While VR training involves simulating a real-life procedure, it doesn’t have to cover everything. “We just focus on the procedural steps to make training faster and more focused,” says Dulka. “This means that every step of creating a VR simulation has to be considered very carefully: what do we want to be part of simulation and what is not so important. Our research has shown that if there are training parts during the simulation where you move around in the VR simulation without doing anything, for example as a passenger on a bus, half of the people will experience head spinning. Therefore, here we give the option for the instructor to disable the part and move to the next stage. In other words, the VR personalization must be there, because no one is the same.”

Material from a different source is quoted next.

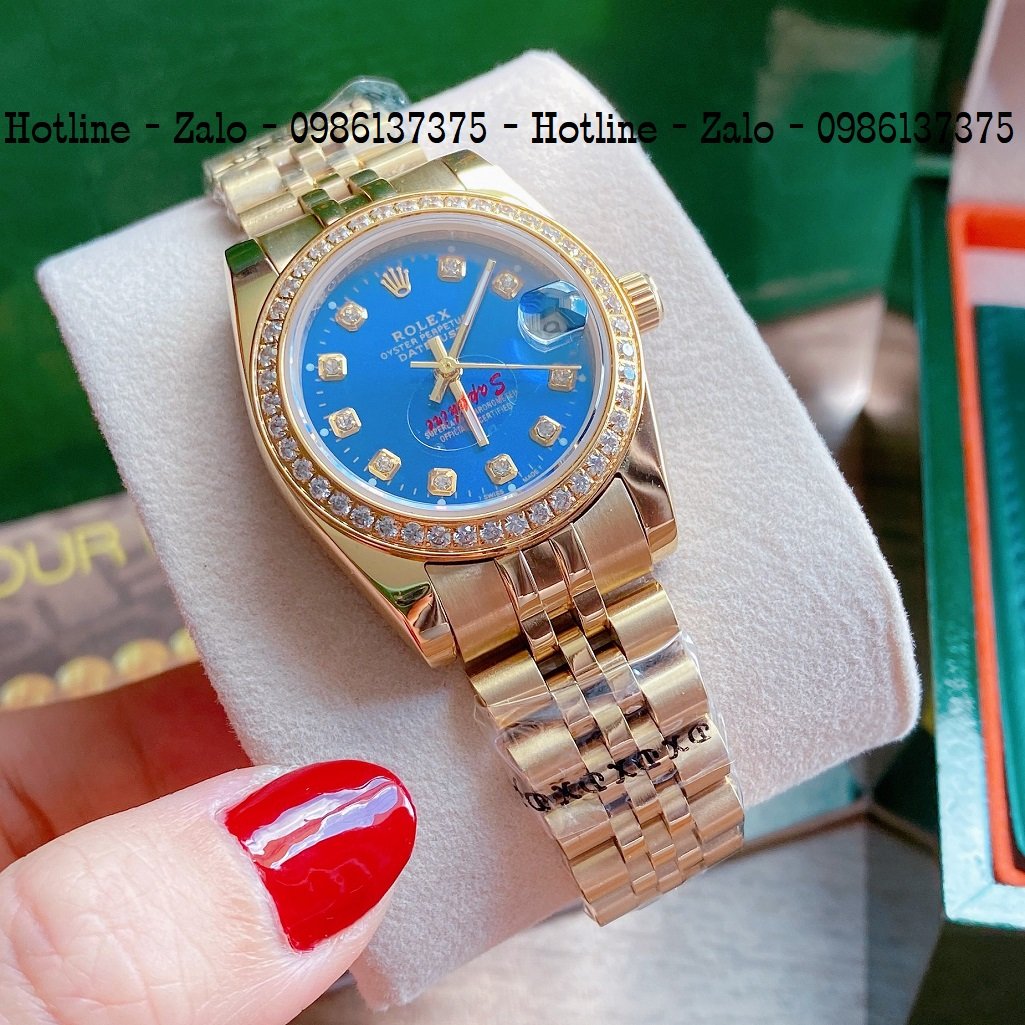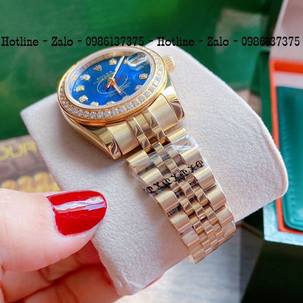 Đồng Hồ Nữ Rolex Viền Đá Dây Vàng Mặt Blue 32mm

Onboarding can be another challenge. “Usually we recommend starting the training with simpler procedures, just to get used to the controls and the feel itself,” said Dulka. “Unlike ERP systems or mobile apps, VR gives you the feeling of immersion – the user starts to believe that they are in the simulation and here we can help them develop the right habits. When onboarding is done properly, the Sensus Aero VR training mode can easily guide users through the steps, even if the procedure is quite complex. And that’s it! After onboarding, users can be self-sufficient and conduct training themselves, which means less strain on the trainer’s schedule.”

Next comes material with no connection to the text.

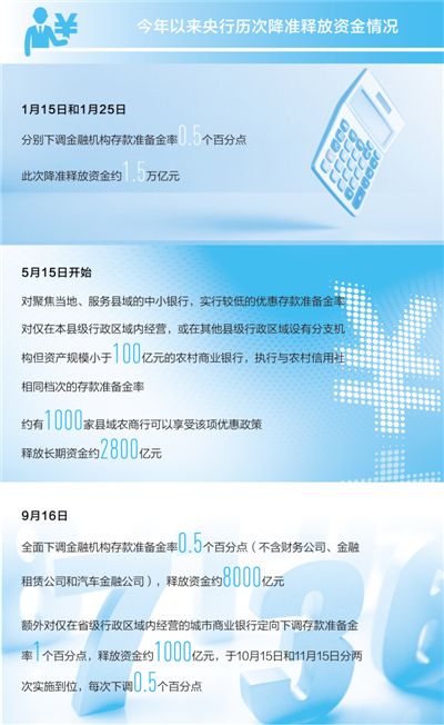 8月20日,全国银行间同业拆借中心首次发布了新的LPR(贷款基础利率),一年期LPR是4.25%,比原来的基准利率降了10个基点。9月16日,年内第二次全面降准落地。10月15日,仅在省级行政区域内经营的城市商业银行获得定向降准0.5个百分点,11月15日还将再次下调0.5个百分点。

An example of a particularly difficult aviation procedure that Sensus Aero has adapted to VR is refueling in aircraft.
“The complexity of a large number of steps and the replication of tank panels, trucks and sequences was really challenging,” says Dulka. “You can’t replicate ‘more or less’ and hope users will believe it – it has to be graphically exactly replicated so that the control interaction is as realistic as possible. In addition, you have to tailor everything to the business itself, as the company can use different trucks with different controls, customers’ aircraft fleets can consist of many different aircraft types, and so on.”
“Our recommendation is to focus on the most common mistakes and start from there,” Dulka continued. “In addition, unlike real training, Sensus Aero in-plane fueling VR allows us to simulate the overpressure or fire hazard, which is simply not possible in practice. It’s always good to know that your staff is prepared for all situations, not just the ‘positive’ sequence. We believe that with the integration of VR training we can improve aviation safety and minimize human factor risk.”
Sensus Aero is a family member of Avia Solutions Group.